Asharq Al-Awsat made great efforts through several contacts and phone calls in the Iraqi Ministry of Health and the Interior Ministry to find out the official or semi-official figures for the number of victims, both of civilians and military personnel, including police forces, but was surprised to receive the response that they “were not authorized to reveal the figures.”

The Minister of Human Rights, Wijdan Salim said, “the figures that we have are obtained from newspapers or other forms of media. We cannot disclose them since they will be considered official if they were issued by us.” She pointed out, “the Ministry of Health and the Interior Ministry abstain from giving us the real figures of the victims both civilians and military personnel.”

After the realization that the road to finding out the figures was a dead end, I contacted Jinah Hammoud, the media coordinator for the multinational forces’ press office in Iraq and was surprised when he informed me that no such information was readily available.

Still persevering, I thought perhaps the answer would lie outside of Iraq and thus contacted the Iraqi department of the World Heath Organization (WHO), which is based in Amman, Jordan. The answer was no different. According to the source I spoke to over the phone, “we do not know the number of victims because the Iraqi Ministry of Health does not send us such information,” he said.

It seems that the Iraqi government regards the number of Iraqi civilian victims a national secret that should not be disclosed. When the head of forensics once revealed some information that was related to the number of Iraqi victims, the former Iraqi government was enraged to the point where he had to flee the country to one of the Gulf states to escape the threat of death.

However, a senior-ranking source in the Iraqi Ministry of Health confirmed last month that, “the number of Iraqi civilian victims of war and acts of violence has currently reached over 150,000 – which is triple the quoted official figure.” But officials affirm that, “the number of victims stated by this official is derived from the estimates of the number of bodies brought into the hospitals and the al Tib al Adli morgue from all over the country.”

It is said that the number of victims who have fallen in Iraq since the American occupation has become a thorny matter since figures range from 50,000 to 650,000. There is no precedence of any official entity announcing its estimates of the number of victims. The aforementioned Iraqi official continued to say that he had reached that figure based on the 100 bodies brought into the hospitals and morgues in Iraq on a daily basis.

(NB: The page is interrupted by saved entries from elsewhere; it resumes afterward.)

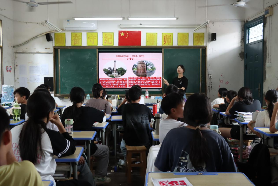 支教团的成员们通过介绍衡阳抗战纪念城、夏明翰故居、中共清潭地下党支部旧址等红色基地,让同学们更加深入了解衡阳的抗战历史和深厚文化底蕴。那些存在于书本中的故事,变得鲜活而生动,他们深刻地领悟到,自己脚下的这片土地,承载着无数先辈的热血与梦想,是一个值得骄傲和守护的精神宝库。“我们要铭记历史,珍惜现在的幸福生活,努力学习,为家乡的发展贡献自己的力量。”同学们纷纷有感而发。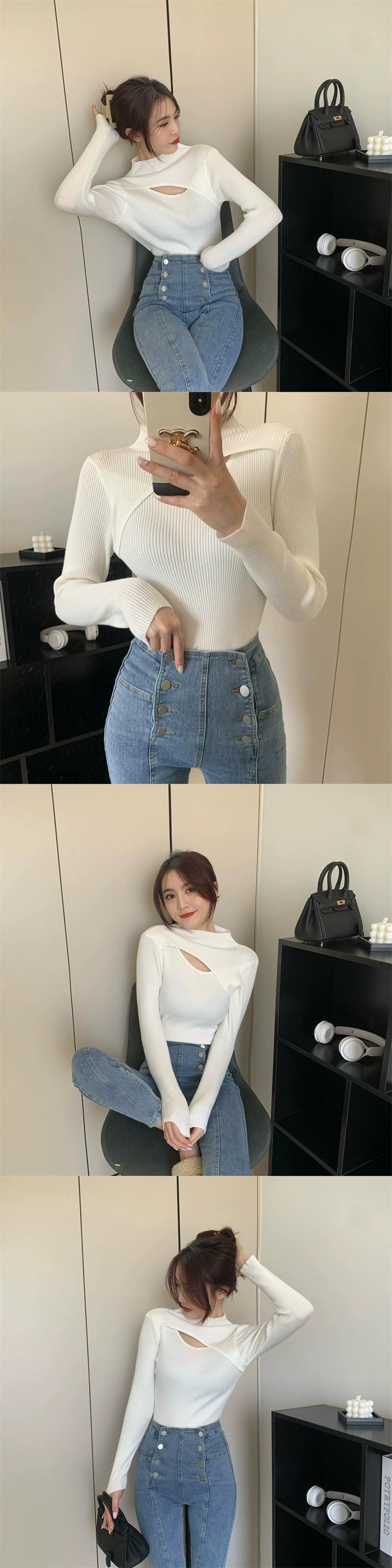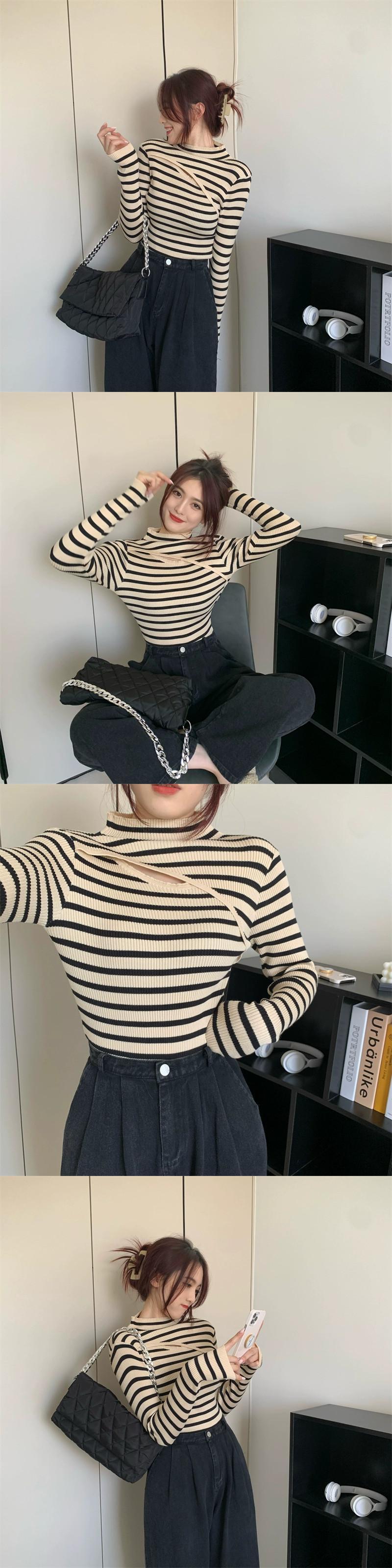 ハーフタートルネックニットボトシャツ女性の秋と冬のセーター 2023 新しいスタイルスリムフィットトップ オータム 秋物 ウィンター 冬物 8571611056672347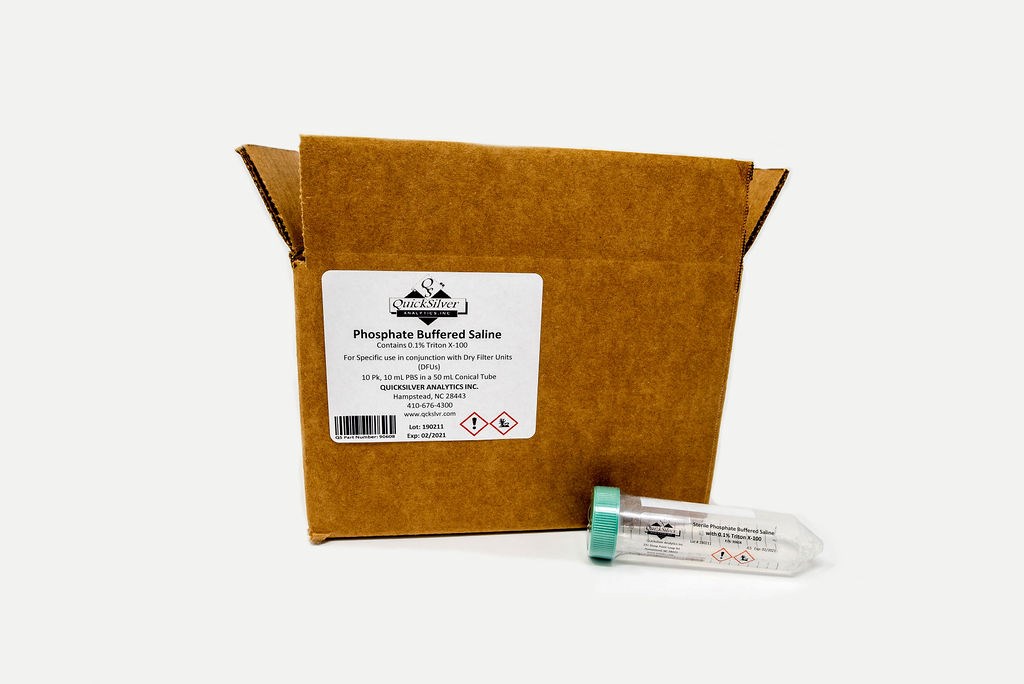 Key Features: Phosphate buffered saline (PBS) is a buffer solution commonly used in biological research. It is a water-based salt solution containing sodium phosphate, sodium chloride, potassium chloride and potassium phosphate. The osmolarity and ion concentrations of the solutions are isotonic. Because PBS is isotonic and non-toxic to most cells, it has many uses. For Specific use in conjunction with Dry Filter Units (DFUs): Following sampling, the DFU filters can be transported to the laboratory and manually suspended in our 50ml conical tubes containing 10ml phosphate-buffered saline (PBS) with 0.1% Triton X-100, pH 7.4. Samples can then be prepared for further analysis (i.e., DNA extraction, protein analysis, microbiological plating).

Last month the Lancet Medical Journal published a study that said that approximately 655,000 Iraqi civilians have died as a result of the war. This figure exceeds all published estimates. US President George W. Bush and some of the senior officials in his administration have dismissed the findings of the aforesaid study and declared that it lacked credibility upon the consideration that it relied on models rather than a physical body count of actual corpses.

Previously, it was widely believed that approximately 50,000 Iraqi civilians were killed in the war. However, the head of the al Tib al Adli morgue in Baghdad told the BBC that his ‘area’ alone receives 60 bodies daily who are victims of acts of violence.

The Iraqi government has said that the number of civilian deaths had decreased last June since last February’s implementation of the Baghdad security plan. It has announced that last month the number of victims had decreased by 36 percent making June’s death toll 1,227, compared to May in which there were 1949 civilian fatalities.

There has also been a decrease in the number of casualties last month, the bodies of whom are found on a daily basis in the capital and on the outskirts ranging from 40-50 corpses to 20-30. The government has stated that 222 policeman were killed last month, which is a figure that far surpasses any other previous census. However, it is not possible for independent entities to verify the new figures and statistics announced by the new government since it is believed that a considerable amount of the killings in the country are not reported.

Still the more critical question remains: if the Iraqi government does not have the figures for the civilian casualties, does it know what becomes of the bodies?